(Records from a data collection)
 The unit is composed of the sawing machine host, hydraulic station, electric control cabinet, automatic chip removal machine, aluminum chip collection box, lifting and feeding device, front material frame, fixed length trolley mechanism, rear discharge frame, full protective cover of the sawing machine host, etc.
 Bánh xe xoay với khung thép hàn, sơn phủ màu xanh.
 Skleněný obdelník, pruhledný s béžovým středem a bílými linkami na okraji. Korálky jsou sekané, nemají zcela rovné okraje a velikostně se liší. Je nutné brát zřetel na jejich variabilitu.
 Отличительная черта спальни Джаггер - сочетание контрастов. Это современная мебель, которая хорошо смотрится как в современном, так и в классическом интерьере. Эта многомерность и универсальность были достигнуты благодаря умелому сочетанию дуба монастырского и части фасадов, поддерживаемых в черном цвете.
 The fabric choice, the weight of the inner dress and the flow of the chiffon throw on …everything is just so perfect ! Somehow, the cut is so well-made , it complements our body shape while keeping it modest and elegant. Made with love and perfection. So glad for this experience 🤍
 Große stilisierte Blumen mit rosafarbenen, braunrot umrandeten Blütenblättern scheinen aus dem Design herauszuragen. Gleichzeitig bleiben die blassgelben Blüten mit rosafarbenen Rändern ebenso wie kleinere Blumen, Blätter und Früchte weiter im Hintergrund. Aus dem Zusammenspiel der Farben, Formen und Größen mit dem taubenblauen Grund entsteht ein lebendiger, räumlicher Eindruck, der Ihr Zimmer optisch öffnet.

» WHAT YOU HAVE TO DO: Give back, exactly as written, the stretch from the line with "Bánh xe xoay" through the line with "Отличительная черта спальни Джаггер", and no other lines from the records above.

» RESULT OF THIS EXERCISE:
 Bánh xe xoay với khung thép hàn, sơn phủ màu xanh.
 Skleněný obdelník, pruhledný s béžovým středem a bílými linkami na okraji. Korálky jsou sekané, nemají zcela rovné okraje a velikostně se liší. Je nutné brát zřetel na jejich variabilitu.
 Отличительная черта спальни Джаггер - сочетание контрастов. Это современная мебель, которая хорошо смотрится как в современном, так и в классическом интерьере. Эта многомерность и универсальность были достигнуты благодаря умелому сочетанию дуба монастырского и части фасадов, поддерживаемых в черном цвете.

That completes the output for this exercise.